§ Stored data

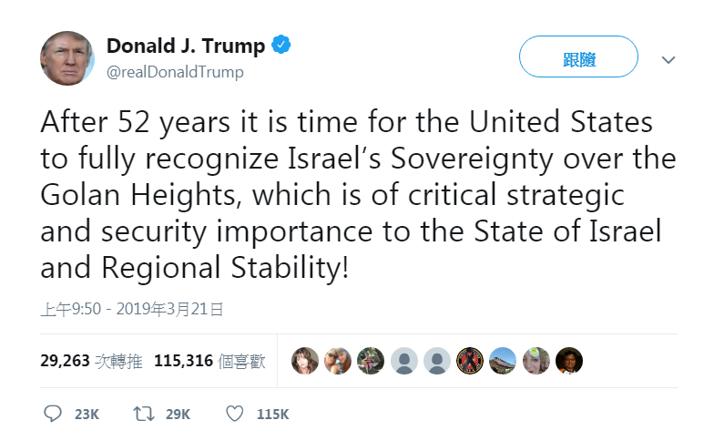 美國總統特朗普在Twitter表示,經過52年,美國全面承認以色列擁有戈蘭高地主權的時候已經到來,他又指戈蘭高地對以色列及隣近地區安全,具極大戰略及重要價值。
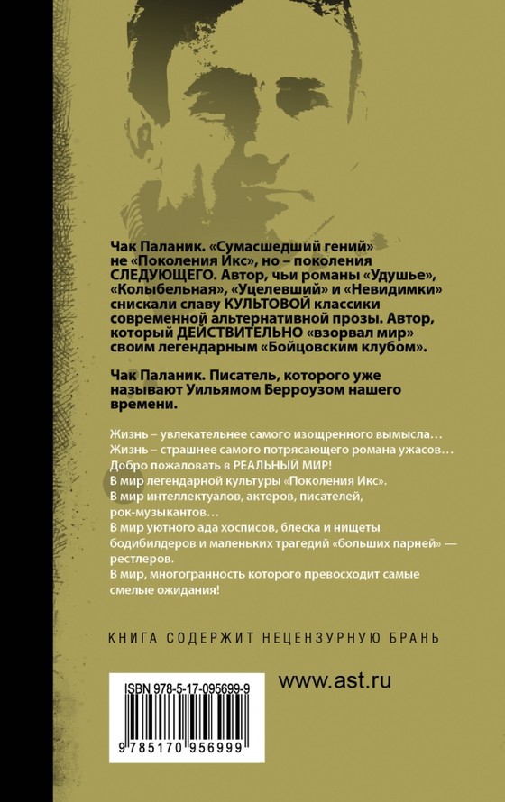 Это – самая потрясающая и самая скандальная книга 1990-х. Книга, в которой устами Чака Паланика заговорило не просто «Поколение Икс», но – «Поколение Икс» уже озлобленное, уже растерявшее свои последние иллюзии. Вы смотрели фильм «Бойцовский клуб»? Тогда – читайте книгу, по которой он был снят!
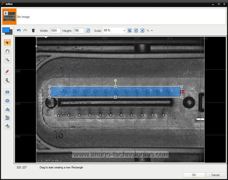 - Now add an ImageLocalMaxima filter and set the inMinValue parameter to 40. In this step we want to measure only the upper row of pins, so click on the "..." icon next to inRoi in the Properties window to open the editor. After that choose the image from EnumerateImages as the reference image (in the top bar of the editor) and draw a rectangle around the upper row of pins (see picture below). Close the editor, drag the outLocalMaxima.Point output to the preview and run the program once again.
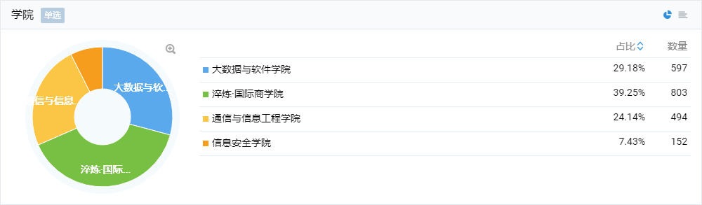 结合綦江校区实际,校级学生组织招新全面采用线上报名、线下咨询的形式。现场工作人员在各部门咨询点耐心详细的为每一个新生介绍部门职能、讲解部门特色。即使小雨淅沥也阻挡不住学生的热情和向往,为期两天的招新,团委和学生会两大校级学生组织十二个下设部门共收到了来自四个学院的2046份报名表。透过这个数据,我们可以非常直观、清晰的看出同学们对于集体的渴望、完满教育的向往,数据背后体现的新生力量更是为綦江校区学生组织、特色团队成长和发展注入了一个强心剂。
==
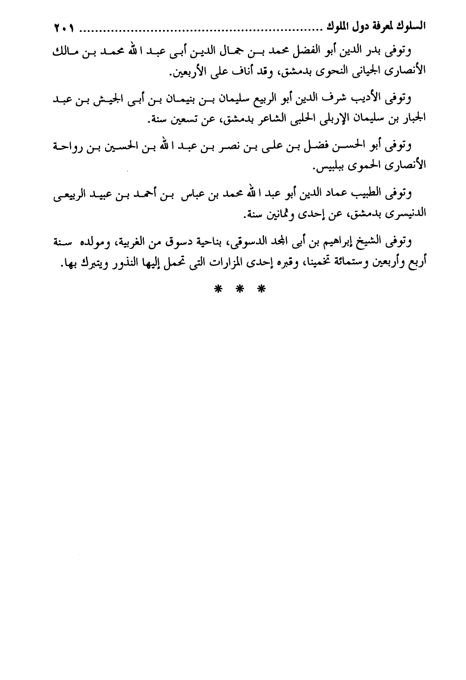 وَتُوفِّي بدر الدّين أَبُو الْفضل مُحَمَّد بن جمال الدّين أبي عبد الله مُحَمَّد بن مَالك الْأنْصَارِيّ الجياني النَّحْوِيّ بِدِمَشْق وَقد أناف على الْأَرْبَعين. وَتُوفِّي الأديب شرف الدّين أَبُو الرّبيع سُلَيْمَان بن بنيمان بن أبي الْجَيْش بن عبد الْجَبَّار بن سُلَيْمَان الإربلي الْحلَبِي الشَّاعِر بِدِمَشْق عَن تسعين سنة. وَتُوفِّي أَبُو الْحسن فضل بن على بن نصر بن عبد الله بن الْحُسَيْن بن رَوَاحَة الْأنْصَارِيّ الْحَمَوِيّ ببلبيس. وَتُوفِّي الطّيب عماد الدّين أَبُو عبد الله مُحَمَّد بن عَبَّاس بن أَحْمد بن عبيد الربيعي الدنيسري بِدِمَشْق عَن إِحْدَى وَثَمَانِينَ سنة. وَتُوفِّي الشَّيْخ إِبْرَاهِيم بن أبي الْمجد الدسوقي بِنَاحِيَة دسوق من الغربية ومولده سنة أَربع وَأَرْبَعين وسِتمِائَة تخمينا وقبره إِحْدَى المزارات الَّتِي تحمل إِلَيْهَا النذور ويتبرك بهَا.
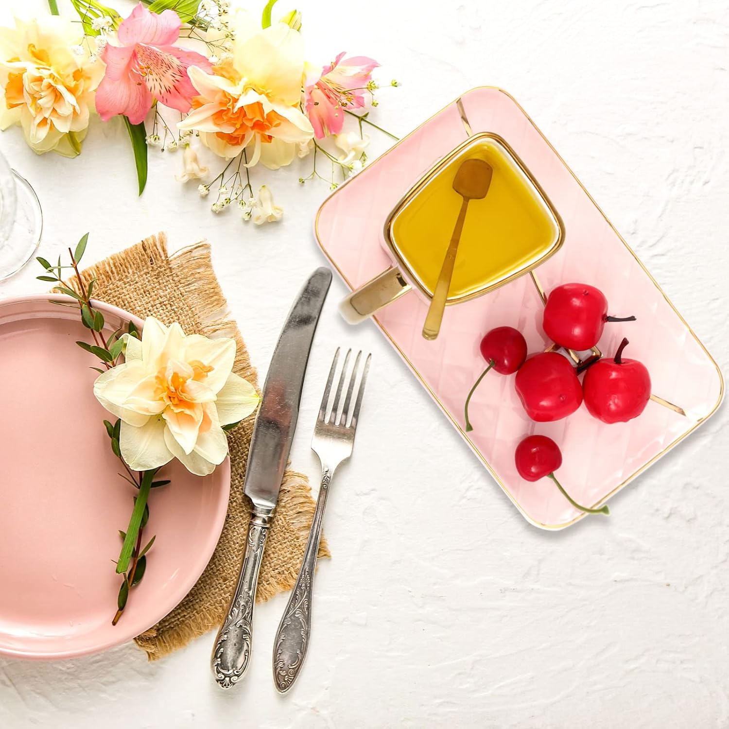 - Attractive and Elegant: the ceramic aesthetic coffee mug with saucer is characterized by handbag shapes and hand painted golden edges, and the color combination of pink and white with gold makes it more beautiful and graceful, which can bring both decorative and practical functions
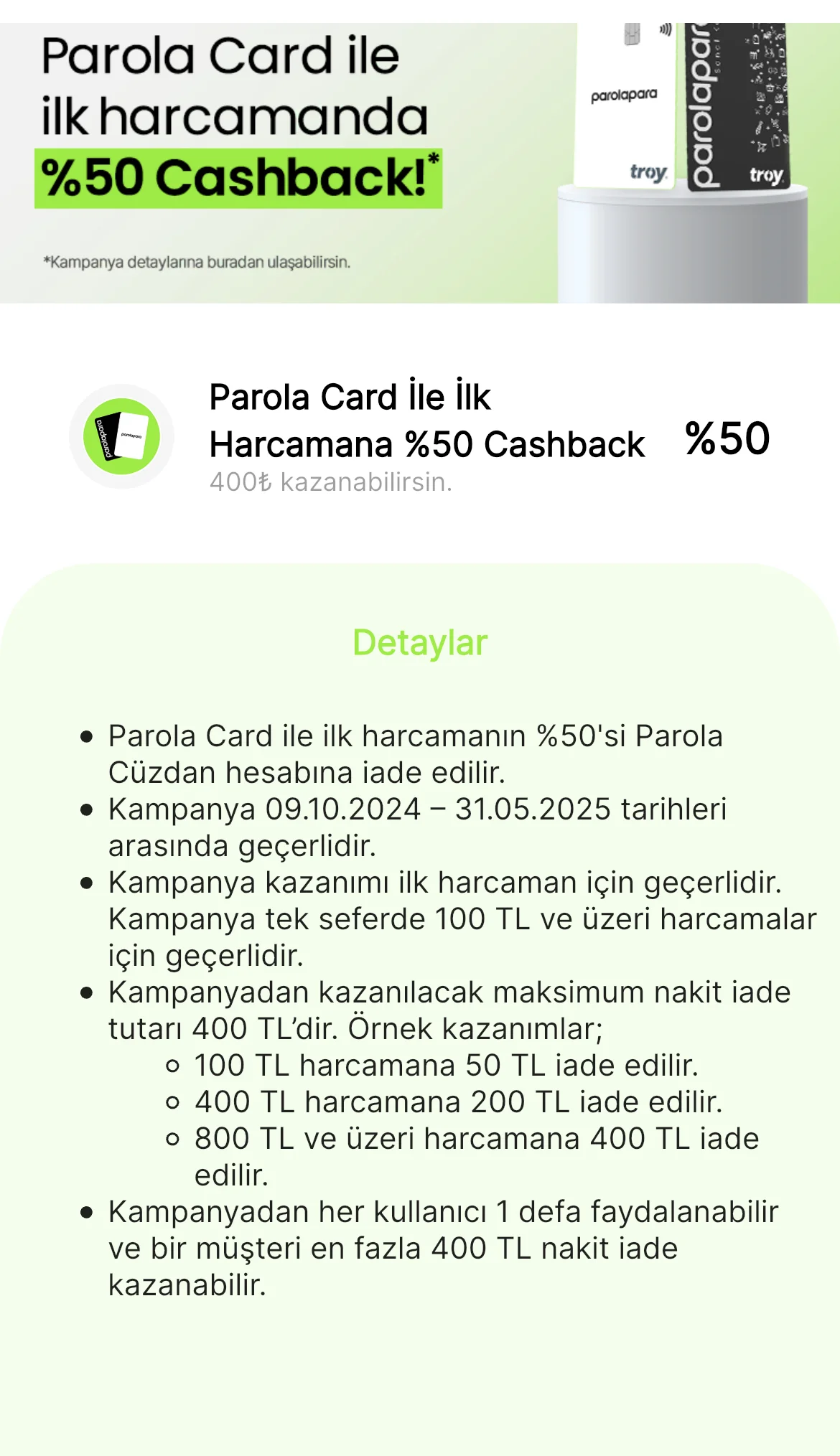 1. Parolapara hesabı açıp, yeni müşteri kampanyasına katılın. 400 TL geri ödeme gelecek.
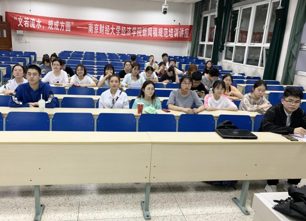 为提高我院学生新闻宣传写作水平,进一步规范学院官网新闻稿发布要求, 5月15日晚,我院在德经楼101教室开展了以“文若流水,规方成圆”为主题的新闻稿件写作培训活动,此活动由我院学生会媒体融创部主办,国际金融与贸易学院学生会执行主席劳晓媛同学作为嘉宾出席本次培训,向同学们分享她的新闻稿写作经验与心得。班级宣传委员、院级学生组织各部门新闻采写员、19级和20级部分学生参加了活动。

§ Exercise details
Nothing but the lines from the one with "1. Parolapara hesabı" up to and including the one with "为提高我院学生新闻宣传写作水" should be printed, exactly as they read above. Please keep the pictures out.

§ Task result
 1. Parolapara hesabı açıp, yeni müşteri kampanyasına katılın. 400 TL geri ödeme gelecek.
 为提高我院学生新闻宣传写作水平,进一步规范学院官网新闻稿发布要求, 5月15日晚,我院在德经楼101教室开展了以“文若流水,规方成圆”为主题的新闻稿件写作培训活动,此活动由我院学生会媒体融创部主办,国际金融与贸易学院学生会执行主席劳晓媛同学作为嘉宾出席本次培训,向同学们分享她的新闻稿写作经验与心得。班级宣传委员、院级学生组织各部门新闻采写员、19级和20级部分学生参加了活动。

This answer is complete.